Here are two sources for penny stock information that seem reputable:
SmallCapPower: “The industry’s leading and most trusted source for small-cap stock coverage, research, and analysis.” SmallCapPower covers a wide range of penny stocks in industries such as gold, base metals, energy, technology, sustainability, marijuana, battery metals, and blockchain. One of its columnists is Canadian author and active trader Robin Speziale.
The site is loaded with all of the latest news and insights of small-cap companies. Check out their top 10 Canadian marijuana stock picks as an idea of where to start investing in the cannabis sector.
AllPennyStocks.com: This is another good source of information to use as a starting point for investing in penny stocks. This site features more detailed analysis and charts for investors to sort through, including penny stocks to watch – a feature that uses technical analysis to identify hot penny stocks.
Remember, these sources are just starting points to give you an idea of penny stocks in which to invest.

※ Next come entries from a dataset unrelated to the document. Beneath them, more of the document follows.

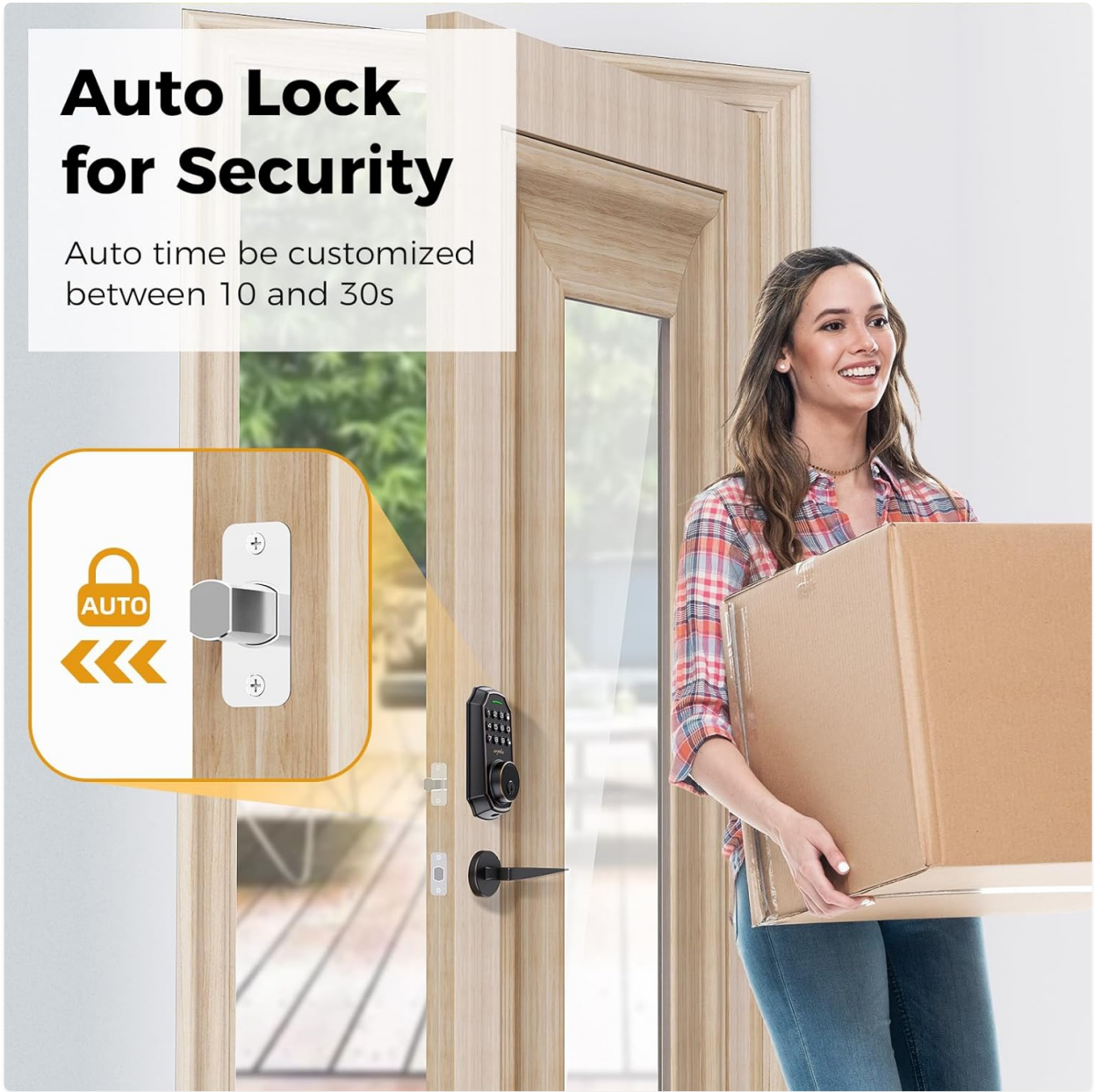
Image 2.2: Depiction of the Auto Lock feature, which can be customized to automatically lock the door between 10 and 30 seconds after closing, enhancing security.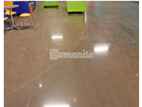
Hope Fellowship Church - Bomanite Custom Polishing Patene Teres System Interior Floor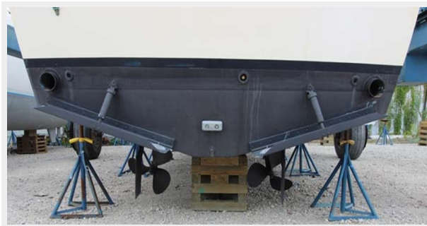
New Bottom Paint & Cutlass Bearings July 2014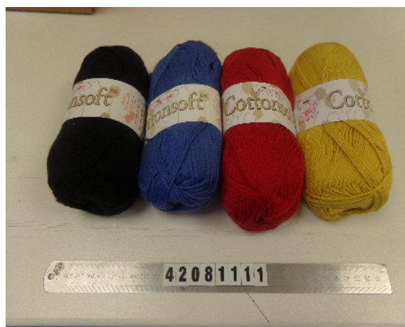
Photo of submitted sample

I certify that the above mentioned sample has been tested in accordance with the standard / regulation(s) specified below and that it complies or otherwise as follows: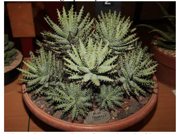
Aloe erinacea (Best Succulent in Show)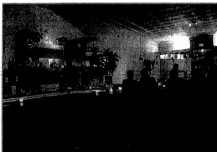
Starline Social Club in Oakland opens this week.

Starline Social Club — an eclectic new restaurant, bar, and performance space on the edge of Uptown Oakland — is set to launch this week.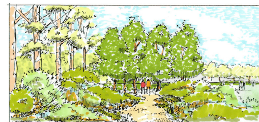
New Native Garden (The Old Aviary)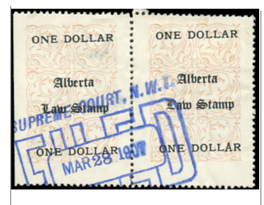
AL16 normal + AL16L Fancy "L" in RARE pair. Additionaly very scarce "Supreme court N.W.T. Mar 28, 1907" cancel. Combination pair of normal stamp + Fancy "L" rarely seen - $95 (±US$76)

Cat. value will be at least $250 + unlisted varieties. $150 (±US$120)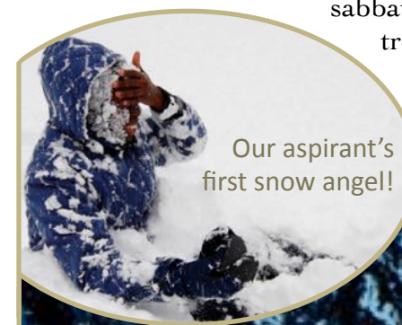
Our aspirant's first snow angel!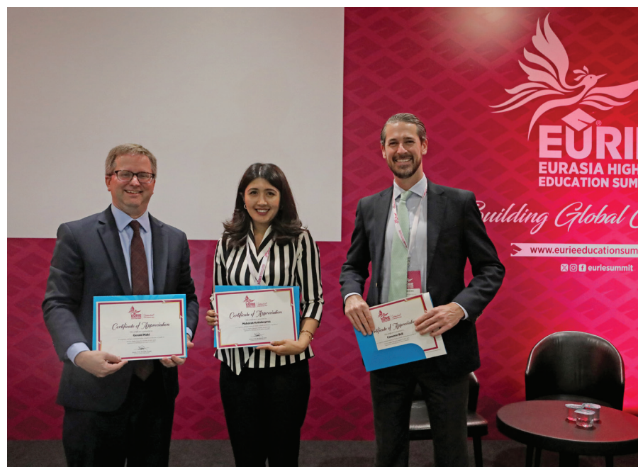
Panel: Virtual Exchanges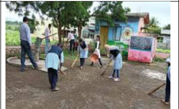
Cleaning at Indiranagar Primary School done by NSS Volunteers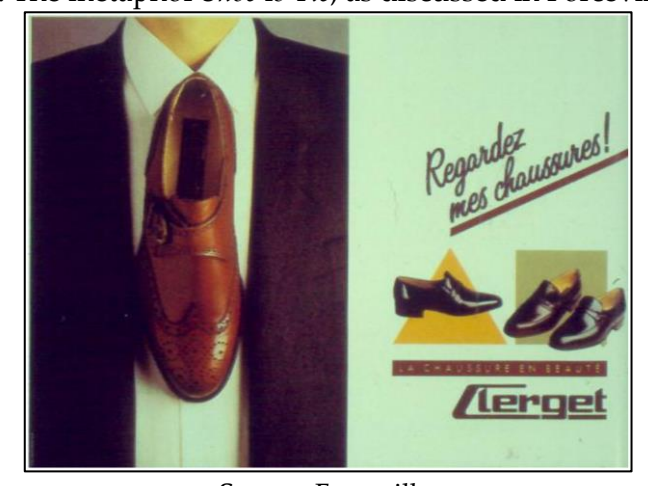
Figure 6: The metaphor Shoe Is Tie , as discussed in Forceville (1996).

According to Ick and Politi (1989), the problem is how advertisers can understand their intended meaning for the audience. Indeed, the use of metaphor always carries the risk that the person is consciously or subconsciously dealing with the characteristics with which the person communicates. This can happen if the reputation of a source domain is somehow affected after the metaphor is manipulated because then the target domain becomes vulnerable to unwanted mappings. Imagine that unexpected discovery or even just a rumor that Rembrandt's "Nachtwacht" is actually fake.

Do your own research to determine whether it’s a worthwhile investment, and make sure you understand the risks before putting your real money on the line.
We’ve all heard of successful penny stock stories, and wouldn’t it be nice if we had our own tale of earning triple-digit returns on a penny stock investment?
The fact is, penny stocks are some of the riskiest investments out there, and investors need to be cautious. Know that you’re trading on what little public information is available, and what is available may be unreliable.
Be prepared to lose money, maybe even all of it, if the company goes bankrupt or turns out to be a scam. Penny stocks should only make up a tiny fraction of your portfolio and never be counted on for your retirement savings plan.
Investing in penny stocks is like taking a big swing for the fences in baseball. You may hit a home run, but more than likely, you’ll strike out. With that mindset and eyes wide open, you can try your luck at penny stocks and hopefully find that diamond in the rough.